EXERCISE OBJECTIVE: With the images left out, print all of the records below exactly.
BEGIN SOURCE RECORDS
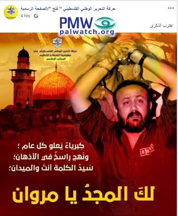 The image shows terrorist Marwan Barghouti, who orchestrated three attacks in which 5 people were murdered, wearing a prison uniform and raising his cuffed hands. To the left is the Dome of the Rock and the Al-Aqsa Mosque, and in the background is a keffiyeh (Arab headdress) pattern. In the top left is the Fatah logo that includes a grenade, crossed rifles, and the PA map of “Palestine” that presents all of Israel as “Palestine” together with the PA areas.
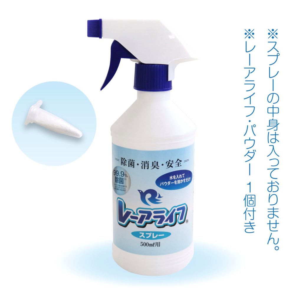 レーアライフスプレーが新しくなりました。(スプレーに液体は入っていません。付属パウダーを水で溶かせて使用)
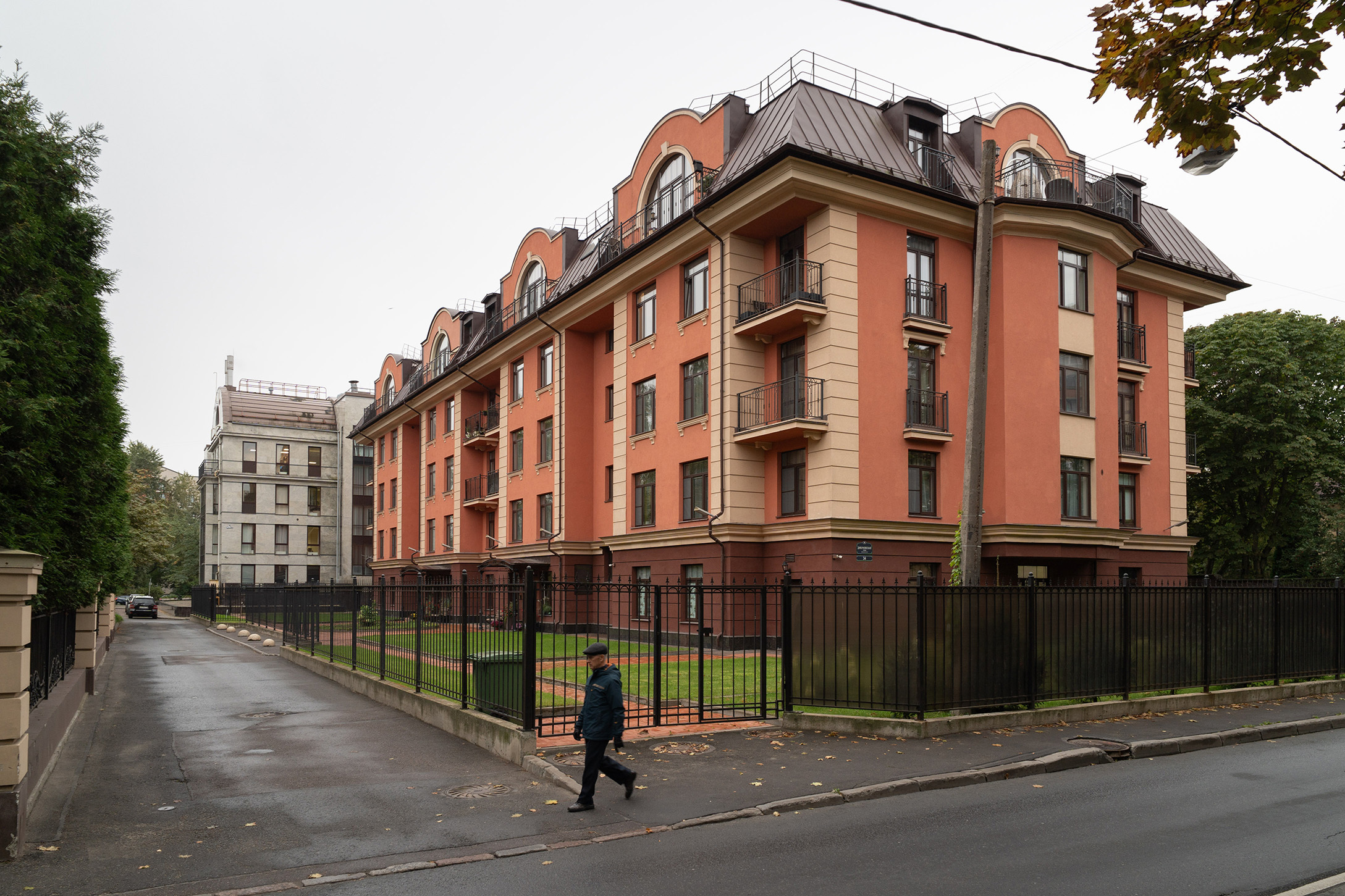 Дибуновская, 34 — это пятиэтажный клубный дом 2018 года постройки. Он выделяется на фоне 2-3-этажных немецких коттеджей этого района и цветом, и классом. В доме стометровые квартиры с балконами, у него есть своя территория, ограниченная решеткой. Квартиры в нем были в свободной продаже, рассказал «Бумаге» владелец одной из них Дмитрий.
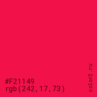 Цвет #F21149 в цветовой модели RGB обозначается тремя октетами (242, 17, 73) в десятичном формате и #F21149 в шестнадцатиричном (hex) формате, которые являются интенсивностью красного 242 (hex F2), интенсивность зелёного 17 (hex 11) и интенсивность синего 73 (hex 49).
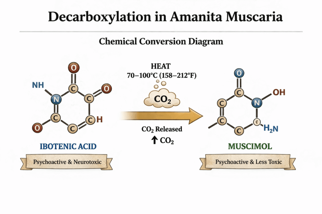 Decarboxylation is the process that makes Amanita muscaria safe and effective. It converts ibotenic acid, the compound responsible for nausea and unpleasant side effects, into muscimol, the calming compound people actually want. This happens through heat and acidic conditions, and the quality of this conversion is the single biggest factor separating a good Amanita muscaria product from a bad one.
END SOURCE RECORDS
SOLUTION FOR THIS PROBLEM:
 The image shows terrorist Marwan Barghouti, who orchestrated three attacks in which 5 people were murdered, wearing a prison uniform and raising his cuffed hands. To the left is the Dome of the Rock and the Al-Aqsa Mosque, and in the background is a keffiyeh (Arab headdress) pattern. In the top left is the Fatah logo that includes a grenade, crossed rifles, and the PA map of “Palestine” that presents all of Israel as “Palestine” together with the PA areas.
 レーアライフスプレーが新しくなりました。(スプレーに液体は入っていません。付属パウダーを水で溶かせて使用)
 Дибуновская, 34 — это пятиэтажный клубный дом 2018 года постройки. Он выделяется на фоне 2-3-этажных немецких коттеджей этого района и цветом, и классом. В доме стометровые квартиры с балконами, у него есть своя территория, ограниченная решеткой. Квартиры в нем были в свободной продаже, рассказал «Бумаге» владелец одной из них Дмитрий.
 Цвет #F21149 в цветовой модели RGB обозначается тремя октетами (242, 17, 73) в десятичном формате и #F21149 в шестнадцатиричном (hex) формате, которые являются интенсивностью красного 242 (hex F2), интенсивность зелёного 17 (hex 11) и интенсивность синего 73 (hex 49).
 Decarboxylation is the process that makes Amanita muscaria safe and effective. It converts ibotenic acid, the compound responsible for nausea and unpleasant side effects, into muscimol, the calming compound people actually want. This happens through heat and acidic conditions, and the quality of this conversion is the single biggest factor separating a good Amanita muscaria product from a bad one.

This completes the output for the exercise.